North Carolina’s REDA law allows employers to have a consistent termination policy that applies across the board regarding workers’ compensation leave. The ADAA requires a case-by-case evaluation when an employee needs extended leave to determine if a reasonable accommodation can be made (consistency is not applicable).
2. Review policy language on FMLA eligibility.
Be sure that your employee-eligibility statement for FMLA includes all of these requirements: employed for at least 12 months; worked 1,250 hours over the previous 12 months; and works at a worksite with at least 50 employees within 75 miles. According to Ms. Korando, if the policy leaves out any of the criteria, you may be required by the courts to grant FMLA even if the employee is not eligible.
3. Consider the different requirements of FMLA and ADA on return to work.
FMLA requires an employer to return the employee to the same or an equivalent position. ADA requires the employee’s return to the original position. This is extremely important to remember when the employee is covered by both the FMLA and ADA, and the employee returns before the end of the FMLA (unless he or she is unable to perform the original position with or without reasonable accommodation).
4. Document the interactive process.
Court cases provide employers with tips on the court’s expectations of how they should handle the ADA process. One “nugget” Ms.
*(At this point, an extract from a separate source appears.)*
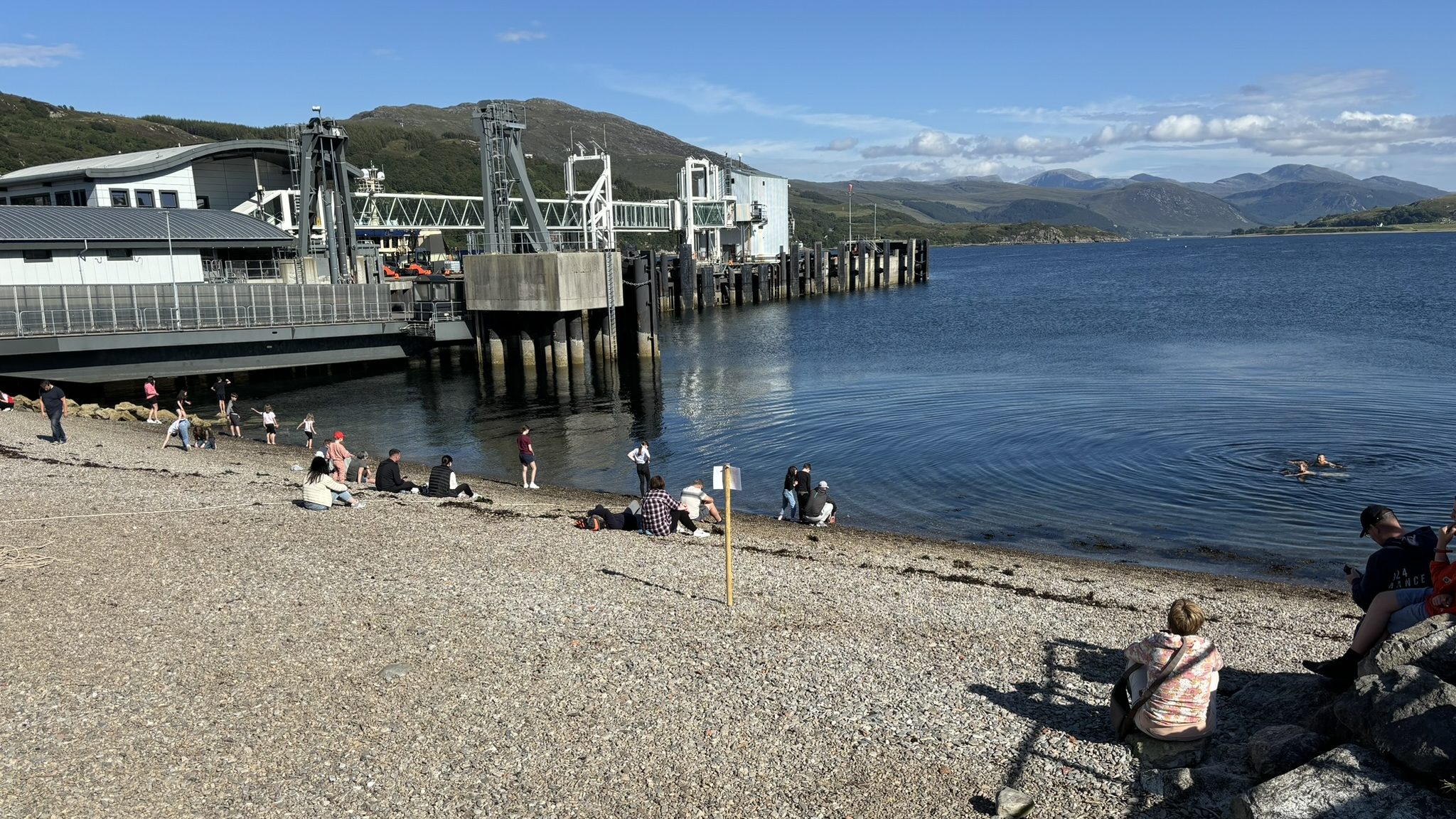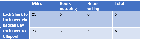 …to Lochinver where I could clearly make out Blue Moon on her pontoon…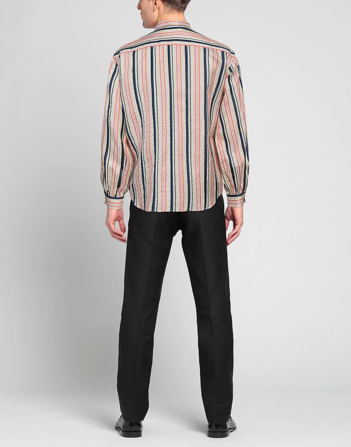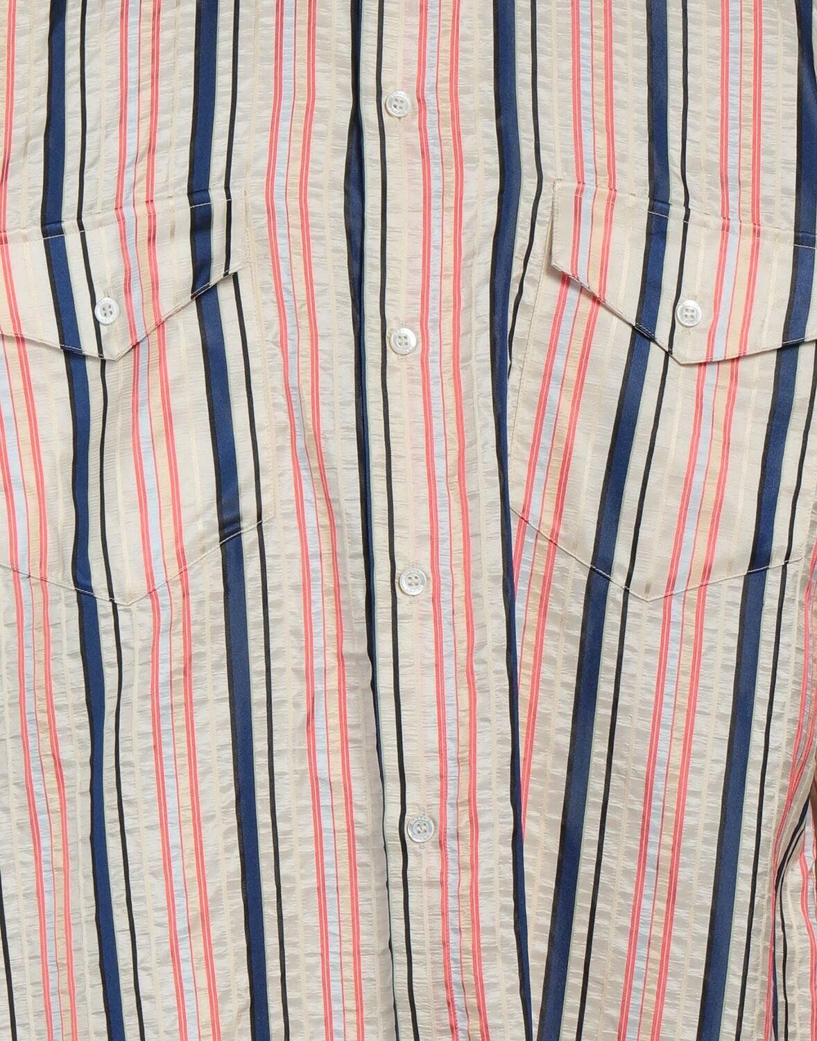 Сатин, без аппликаций, в полоску, разноцветный, воротник-стойка, длинные рукава, манжеты на пуговицах, без подкладки, застежка на пуговицы, два нагрудных кармана, рубашка обычного кроя

Korando gleaned was that the courts expect employers to document the interactive process and what was considered and discussed with the employee regarding reasonable accommodation and/or undue hardship.
5. Check third party vendor letters.
If you have agreements with vendors that stipulate automatic termination of temporary employees if they are unable to work, include the statement unless other action is required by applicable federal or state law. There are joint employment responsibilities under FMLA and ADA.
6. Indefinite leave is not a reasonable accommodation in North Carolina.
The 4th circuit court has said that it is unreasonable to expect an employer to hold a job or consider other jobs or extended leave when the employee’s doctor states the employee will be on leave indefinitely. The employee can be terminated if this is the case (after completion of eligible FMLA leave).
7. End of leave communications.
Communicate with the employee by documenting in writing a summary of the leave dates, type, etc. Include the last day worked, the dates of FMLA and the date job reinstatement responsibilities ended, extended leave or other reasonable accommodations made, and the date of termination.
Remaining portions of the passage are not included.